>>>>>

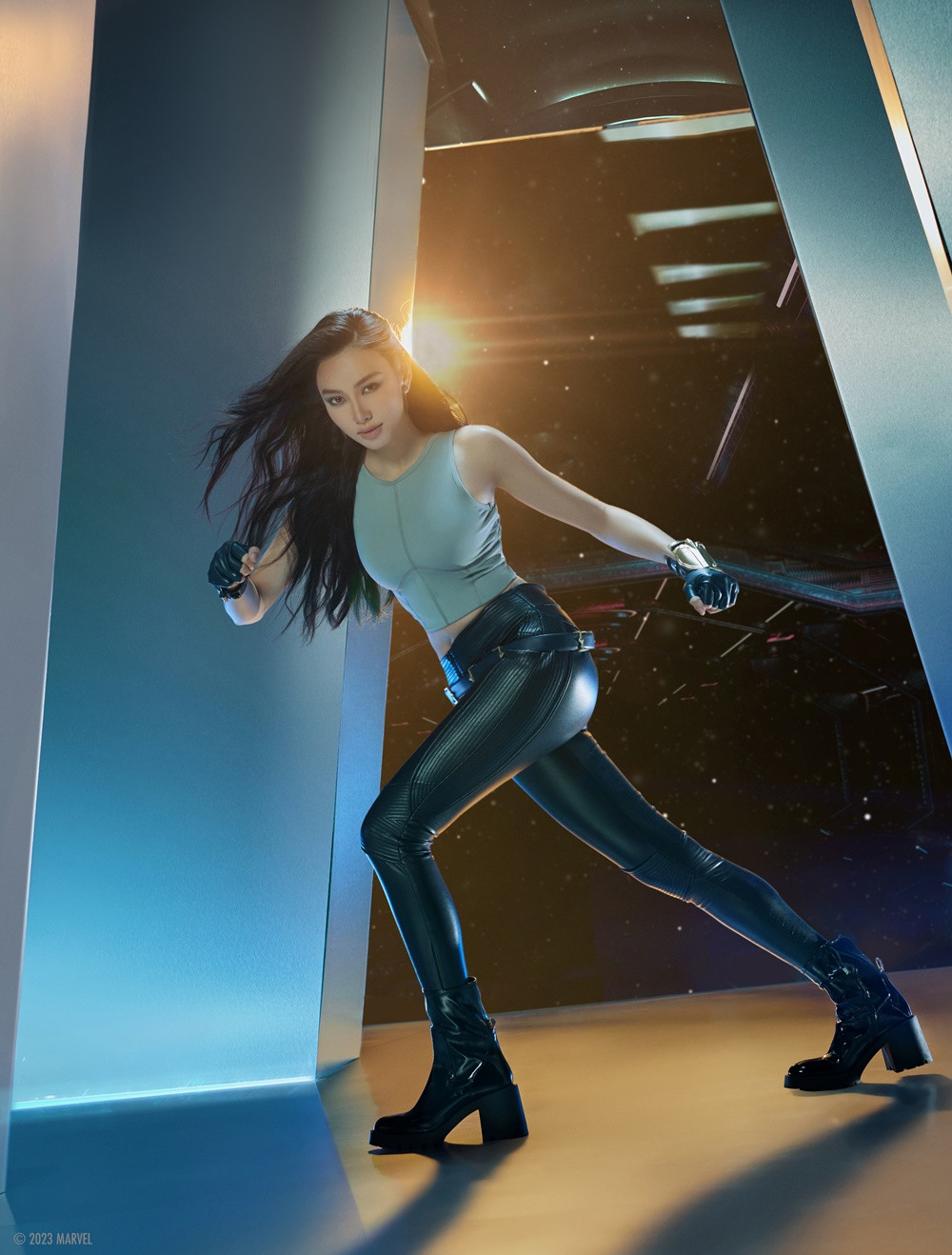 Đó là bộ ảnh Hoa hậu Thùy Tiên hóa thân thành Captain Marvel với bộ trang phục chiến đấu quen thuộc, được kết hợp từ 2 màu đỏ - xanh và huy hiệu ngôi sao ngay giữa ngực. Nếu để ý kĩ thì trang phục trong phần phim mới của Captain Marvel có điểm khác với phần 1. Tay áo dài được cắt ngắn, giúp hình tượng của nàng siêu anh hùng trở nên trẻ trung, năng động hơn.
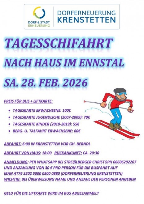 Tagesschifahrt nach Haus im Ennstal - Dorferneuerung Krenstetten
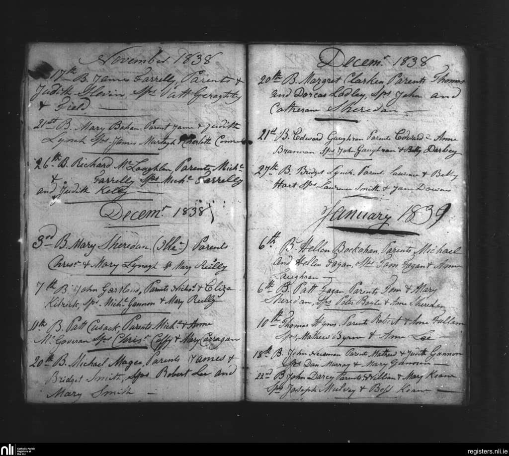 Dunderry; County of Meath; Diocese of Meath. Baptisms, Nov. 1838 to Jan. 1839
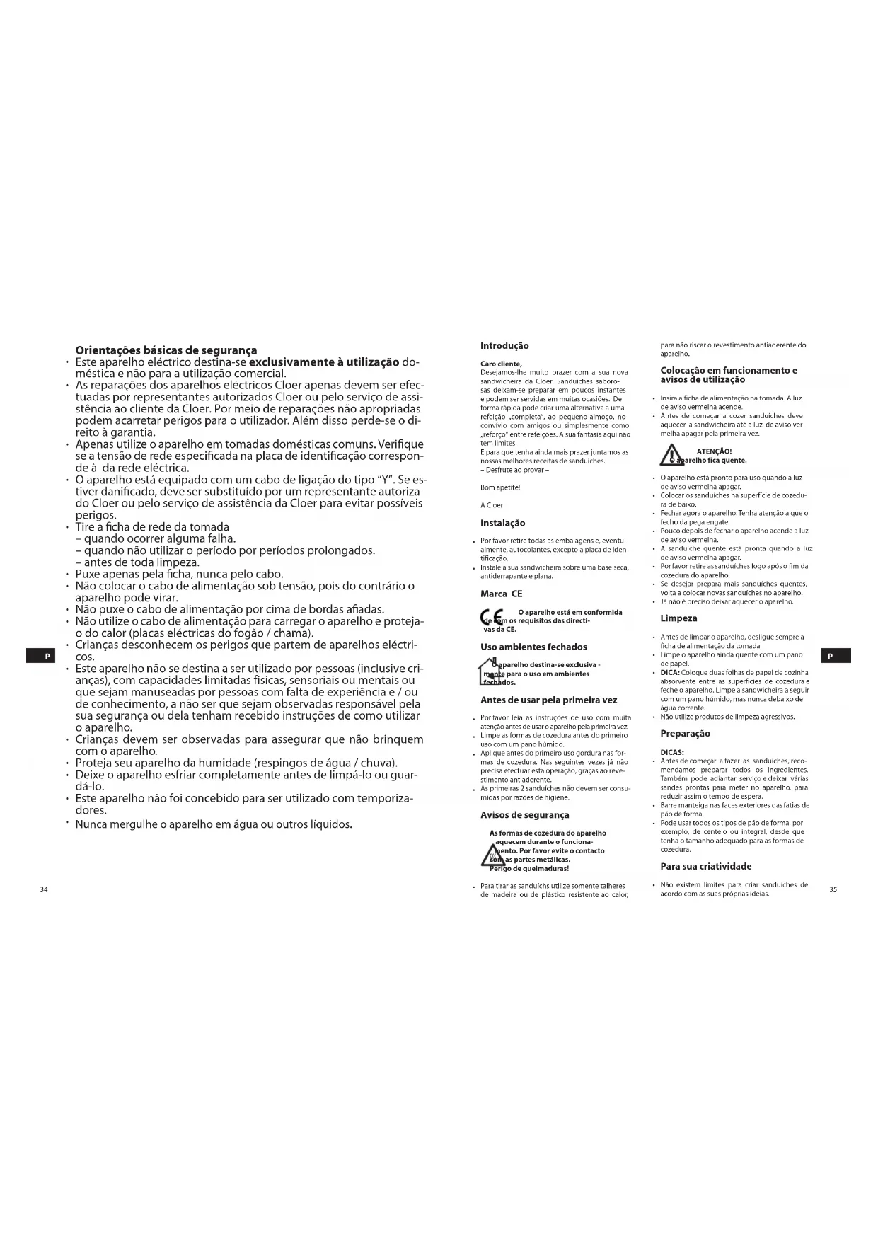 requisitos de las directivas comu-Introdução Caro cliente, Desejamos-lhe muito prazer com a sua nova sandwicheira da Cloer. Sanduíches saboro- sas deixam-se preparar em poucos instantes e podem ser servidas em muitas ocasiões. De forma rápida pode criar uma alternativa a uma refeição „completa“, ao pequeno-almoço, no convívio com amigos ou simplesmente como „reforço“ entre refeições. A sua fantasia aqui não tem limites. E para que tenha ainda mais prazer juntamos as nossas melhores receitas de sanduíches. – Desfrute ao provar – Bom apetite! A Cloer Instalação Por favor retire todas as embalagens e, eventu- almente, autocolantes, excepto a placa de iden- tificação. Instale a sua sandwicheira sobre uma base seca, antiderrapante e plana. Marca CE O aparelho está em conformida de com os requisitos das directi- vas da CE. Uso ambientes fechados O aparelho destina-se exclusiva - mente para o uso em ambientes fechados. Antes de usar pela primeira vez Por favor leia as instruções de uso com muita atenção antes de usar o aparelho pela primeira vez. Limpe as formas de cozedura antes do primeiro uso com um pano húmido. Aplique antes do primeiro uso gordura nas for- mas de cozedura. Nas seguintes vezes já não precisa efectuar esta operação, graças ao reve- stimento antiaderente. As primeiras 2 sanduíches não devem ser consu- midas por razões de higiene. Avisos de segurança As formas de cozedura do aparelho aquecem durante o funciona- mento. Por favor evite o contacto com as partes metálicas. Perigo de queimaduras! Para tirar as sanduíchs utilize somente talheres de madeira ou de plástico resistente ao calor,

<<<<<

EXERCISE OBJECTIVE: Within the listing above, find the line containing "Tagesschifahrt nach Haus" and the line containing "Dunderry; County of". Transcribe them and everything between them exactly, leaving out the pictures.

SOLUTION TO THIS PROBLEM:
 Tagesschifahrt nach Haus im Ennstal - Dorferneuerung Krenstetten
 Dunderry; County of Meath; Diocese of Meath. Baptisms, Nov. 1838 to Jan. 1839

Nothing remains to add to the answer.